[DATA SHOWN]
# # # #

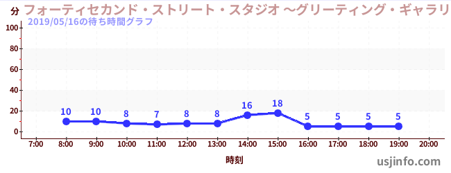 • フォーティセカンド・ストリート・スタジオ ~グリーティング・ギャラリー~ ミニオン$B$N(B2019年05月16日の待ち時間
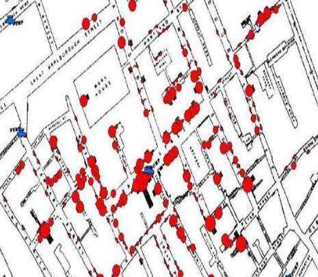 1854年伦敦爆发严重霍乱,当时流行的观点是,霍乱或者黑死病是由人口、或者“坏空气”等有害形式传播的。而John Snow医生研究发现,霍乱是通过饮用水传播的。研究过程中,John Snow医生统计每户病亡人数,每死亡一人标注一条横线。令人惊讶的是,大多数病例的住所都围绕在Broad Street水泵附近,无疑水泵可能成为霍乱的罪魁祸首。于是John Snow医生建议移除Broad Street水泵的把手,至此霍乱最终得以控制。
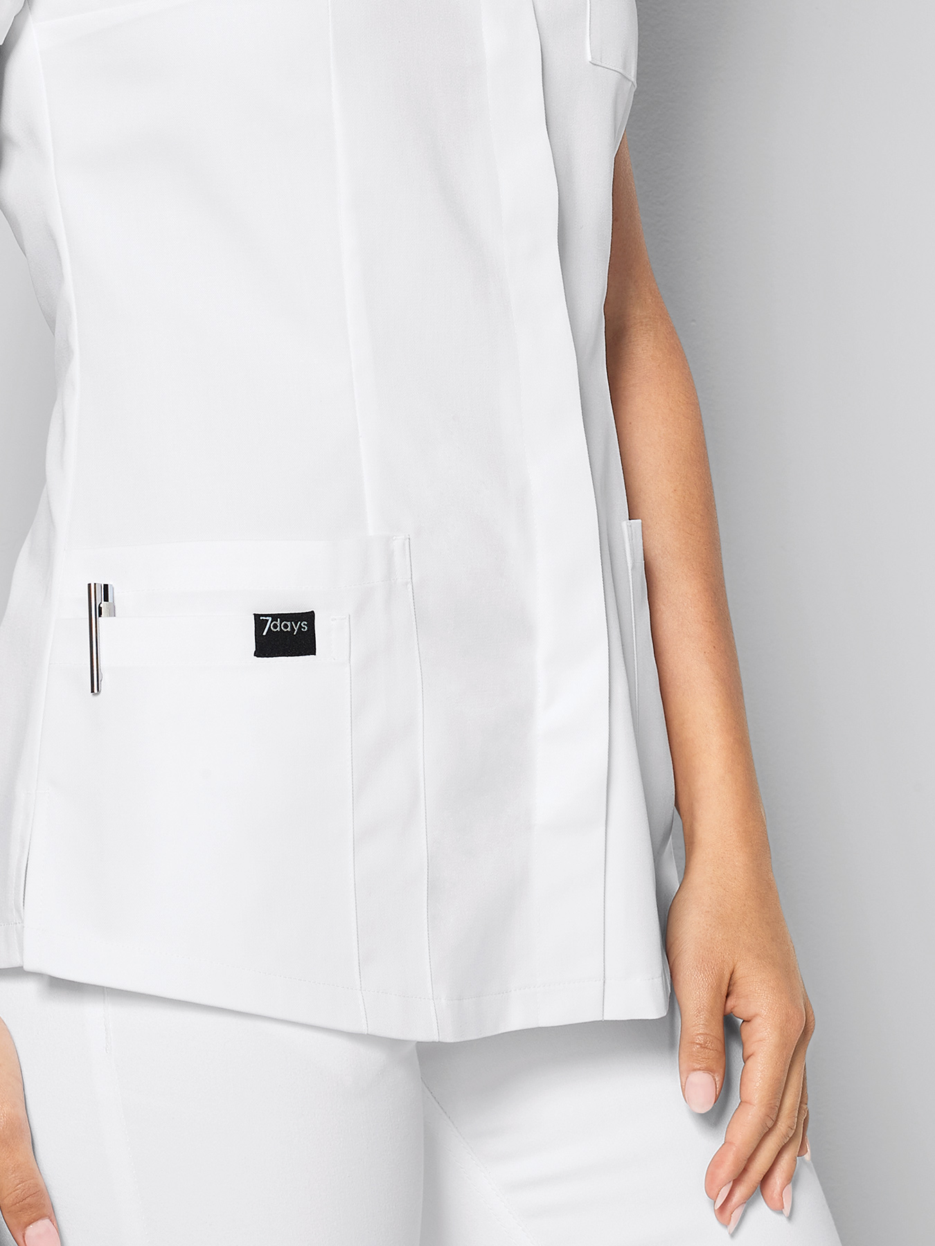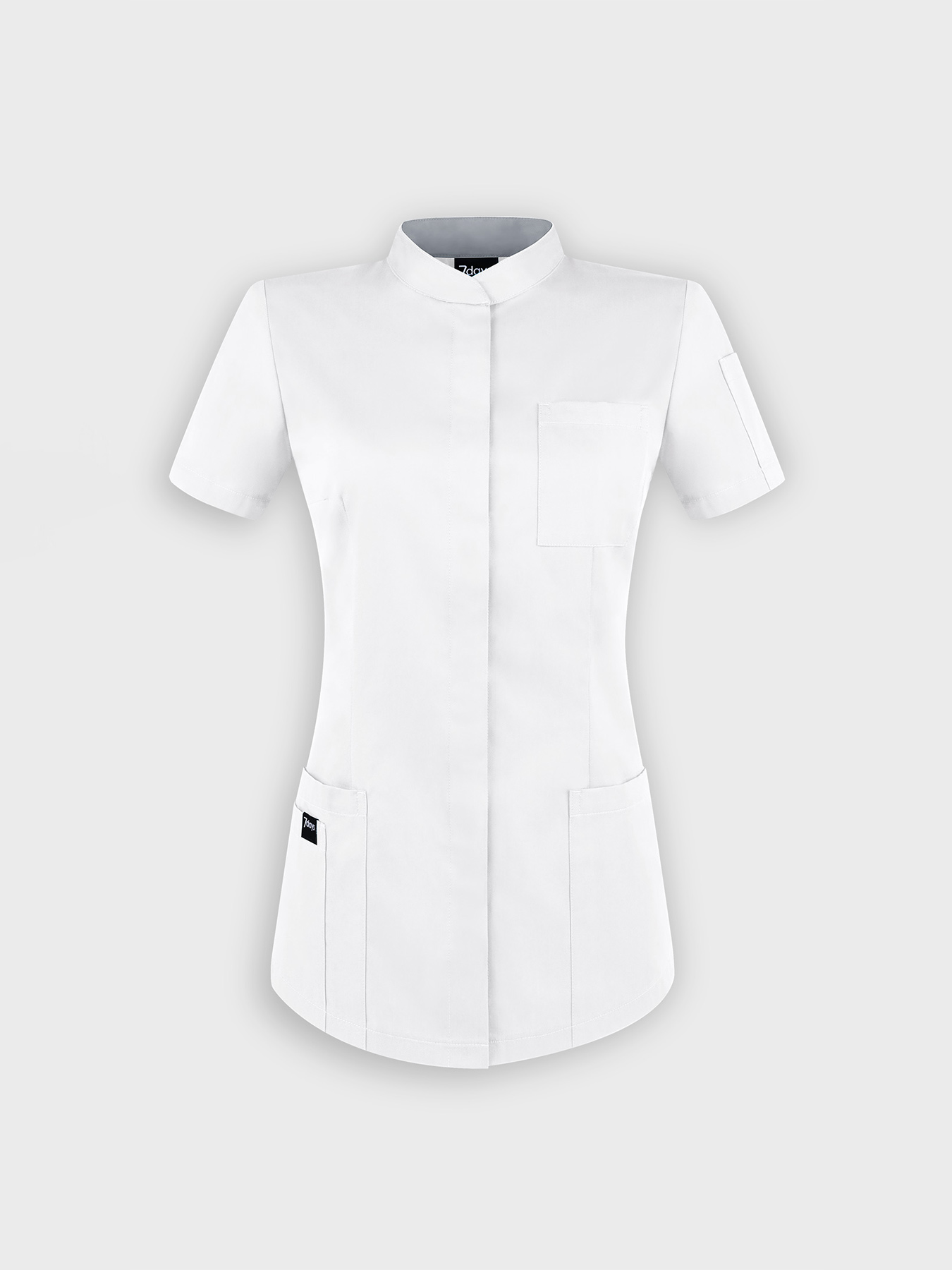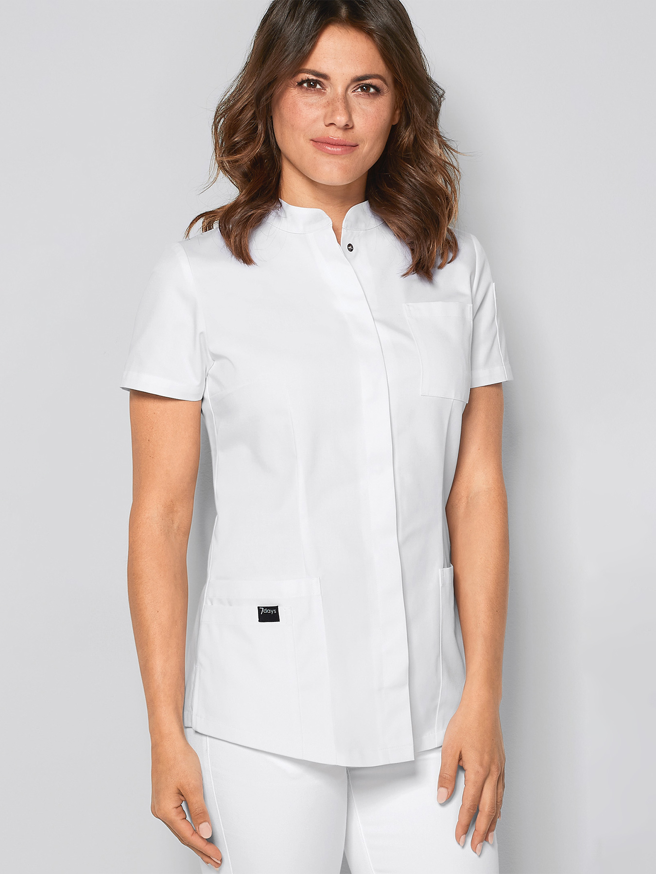 Sportlicher Damenkasack mit verdeckter Druckknopfleiste. Stehkragen mit kontrastfarbener Innenseite, 1 Brusttasche, 2 große Einschubtaschen, 1 kleine Einschubtasche, 1 kleine Tasche am Ärmel. Figurbetonende Abnäher, bequeme Seitenschlitze, Rückenlänge Gr. S ca. 68 cm. Farben = 50% Baumwolle/50% Polyester, 150 g/m2, weiß = 65% Polyester/35% Baumwolle, 195 g/m2, 95°-Wäsche, trocknergeeignet. Die Lieferung erfolgt ohne Kugelschreiber.
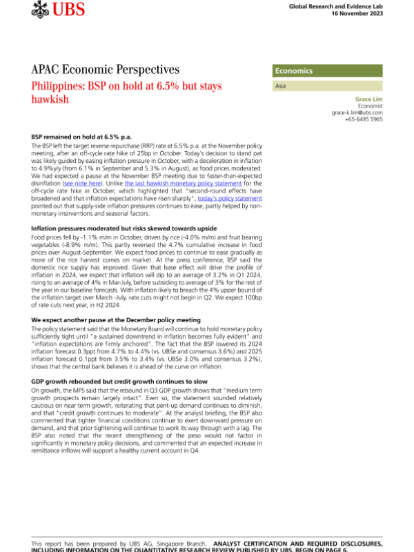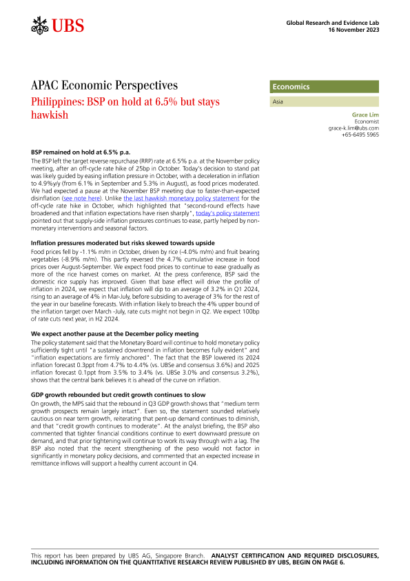 【UBS AG】【20231116】APAC Economic Perspectives Philippines BSP on hold at 6.5% but stays hawkish-9页
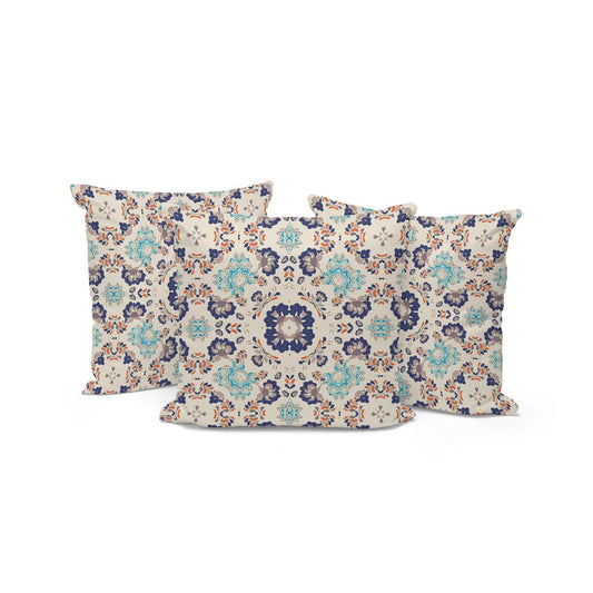 Set of Three 16" X 16" Blue and Orange Blown Seam Floral Indoor Outdoor Throw Pillow
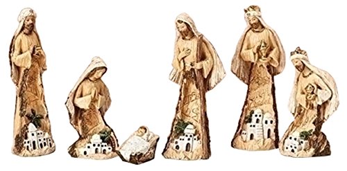 - includes the Holy Family and 3 Wisemen with carved scenes in each of the figures other than baby Jesus
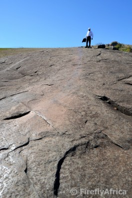 On a recent trip up the Wild Coast I stopped at the Nelson Mandela Museum in Qunu and was taken on a tour by one of the guides.  Part of the tour takes one about 200 meters away from the museum buildings to a couple of granite rocks on the side of the hill on which the museum is situated.  It was on these rocks that local kids, including Mandela himself, came to play.  Back then the kids would slide down the rock sitting on pieces of wood or whatever object they could find that would slide across the rock.  While walking down I wondered why the guide was carrying the plastic seat section of a chair (like the ones we used to sit on during assembly at school).  The answer came very quickly as he demonstrated before handing me the seat.  It was time to slide.  At first you wonder if you would actually be able to go down on the seat and the next moment you’ve got to throw out anchors cause that rock is a lot smoother than you think.  It may not be able to compete with “adrenalin activities” like zip lining or kloofing, but the experience is just as memorable because of where you do it.  I can imagine a couple of boys going home with bruised knees and toes after a day at the sliding rock though.
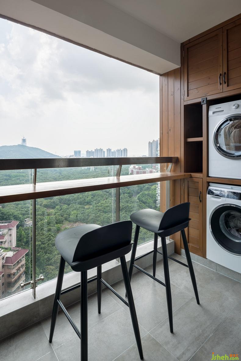 陽臺面向大南山,風景獨好,設計師利用陽臺欄桿設計了一處吧臺,憑欄而坐,不辜負每一處風景。
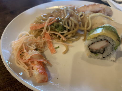 Live hibachi bar was inactive during that time, Kani salad also had an incorrect taste, and the fried shrimp were unnecessarily challenging. Ex. Head-on shrimp/unshelled/deep fried = the most annoying and overwhelming item to consume. It’s not one of those seasoned dishes where the shells help to enhance the flavor, etc, so instead attaches to the shrimp meat so intensely due to the length of frying, causing for a cumbersome effort to pick off the shells. Thus, creating a considerable mess of crumps and shell pieces flashing chaotically off both sides of your plate. OMG! I just found myself confused & largely disappointed overall. Furthermore, my stomach didn’t fair well after that meal, so the post lunch feedback was worse than the actual experience which sucks because the location is nice. Stone corner lot building – sizeable real estate with plenty of garage parking. Inside the venue, however, is equally unappealing as the buffet bar (depressed furniture, poor lighting, and a dark/sad...

# # # #

In the listing above, find the line with "Set of Three" and the line with "- includes the". Set down both and every line between them, minus the pictures.

[SOLVED EXERCISE]
 Set of Three 16" X 16" Blue and Orange Blown Seam Floral Indoor Outdoor Throw Pillow
 - includes the Holy Family and 3 Wisemen with carved scenes in each of the figures other than baby Jesus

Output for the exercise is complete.